4. Würdigung von Beweismitteln
Wenn Beweismittel vorgelegt werden, so ist zunächst zu prüfen, welche Tatsache behauptet wird, und dann, ob diese Tatsache für die Entscheidung relevant ist. Falls sie dafür nicht relevant ist, wird die Behauptung nicht weiter in Betracht gezogen, und dementsprechend sind auch die Beweismittel nicht näher zu prüfen. Falls die behauptete Tatsache relevant ist, dann ist zu untersuchen, ob die Tatsache durch die vorgelegten Beweismittel bewiesen ist oder nicht.
Da das EPÜ keine Vorschriften darüber enthält, wie das Ergebnis einer Beweisaufnahme zu bewerten ist, gilt für die Prüfung von Beweismitteln der Grundsatz der freien Beweiswürdigung, d. h. Inhalt und Bedeutung eines Beweismittels für das Verfahren sind in jedem einzelnen Fall unter Berücksichtigung der speziellen Umstände zu beurteilen (z. B. Zeit, Ort, Art des Beweismittels, Stellung des Zeugen in der Firma usw.). Aus dem Grundsatz der freien Beweiswürdigung folgt auch, dass die Instanzen des EPA befugt sind, die von den Beteiligten angebotenen Beweismittel in jeder geeigneten Weise zu bewerten oder auch als unwichtig oder irrelevant zu erachten. Wann ein Beweismittel ausreichend ist, ist im Einzelfall zu entscheiden.
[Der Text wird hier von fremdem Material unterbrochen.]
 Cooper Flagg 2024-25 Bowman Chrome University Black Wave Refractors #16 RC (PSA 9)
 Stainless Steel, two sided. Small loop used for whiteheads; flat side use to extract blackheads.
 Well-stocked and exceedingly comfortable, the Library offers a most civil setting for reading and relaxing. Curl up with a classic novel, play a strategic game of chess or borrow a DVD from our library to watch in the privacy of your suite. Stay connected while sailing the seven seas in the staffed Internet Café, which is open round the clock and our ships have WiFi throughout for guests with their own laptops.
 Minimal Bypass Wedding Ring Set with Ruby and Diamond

Bei der Entscheidung, ob sie einen behaupteten Sachverhalt akzeptiert, kann die Abteilung den Grundsatz des "Abwägens der Wahrscheinlichkeit" anwenden, d. h. sie ist überzeugt davon, dass der eine Tatsachenkomplex mit größerer Wahrscheinlichkeit richtig ist als der andere. Des Weiteren gilt: Je schwerwiegender eine Tatfrage ist, desto stichhaltiger muss das zugrunde liegende Beweismaterial sein (siehe T 750/94). Kann die Entscheidung zum Beispiel wegen einer behaupteten Vorbenutzung möglicherweise zum Widerruf des Patents führen, so ist das vorliegende Beweismaterial sehr kritisch und genau zu prüfen. Insbesondere bei einer angeblichen Vorbenutzung ist ein strengeres, der festen Überzeugung gleichkommendes Kriterium anzulegen (d. h. die Vorbenutzung muss zweifelsfrei stattgefunden haben) weil der Patentinhaber nur wenige oder gar keine Möglichkeiten hat, das Gegenteil zu beweisen (siehe T 97/94).
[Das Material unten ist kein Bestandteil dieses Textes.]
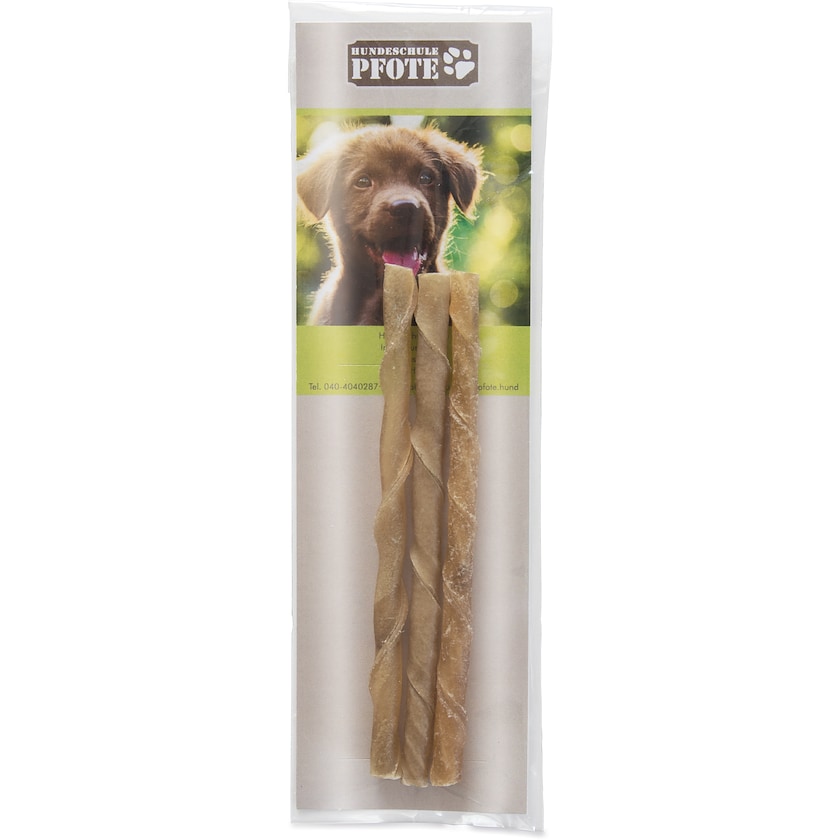 Dentalsticks für Hunde. In der Verpackung liegt eine Karte, die nach ihren Wünschen bedruckt wird. Dentalsticks helfen den Kiefer des Hudnes zu stärken und verbessern die Zahngesundheit.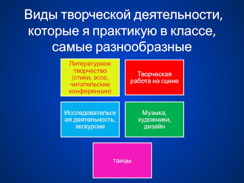 Виды творческой деятельности, которые я практикую в классе, самые разнообразные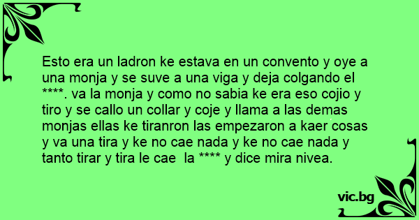 Esto era un ladron ke estava en un convento y oye a una monja y se suve a una viga y deja colgando el ****. va la monja y como no sabia ke era eso cojio y tiro y se callo un collar y coje y llama a las demas monjas ellas ke tiranron las empezaron a kaer cosas y va una tira y ke no cae nada y ke no cae nada y tanto tirar y tira le cae la **** y dice mira nivea.

Bei einander widersprechenden Behauptungen der Parteien muss die Abteilung entscheiden, welche Beweismittel am überzeugendsten sind. Ist es nicht möglich, aufgrund der eingereichten Beweismittel zu entscheiden, welche Behauptung richtig ist, so ist nach Beweislast zu entscheiden, d. h. es ist gegen diejenige Partei zu entscheiden, die die Beweislast hatte, aber den Beweis nicht überzeugend führen konnte.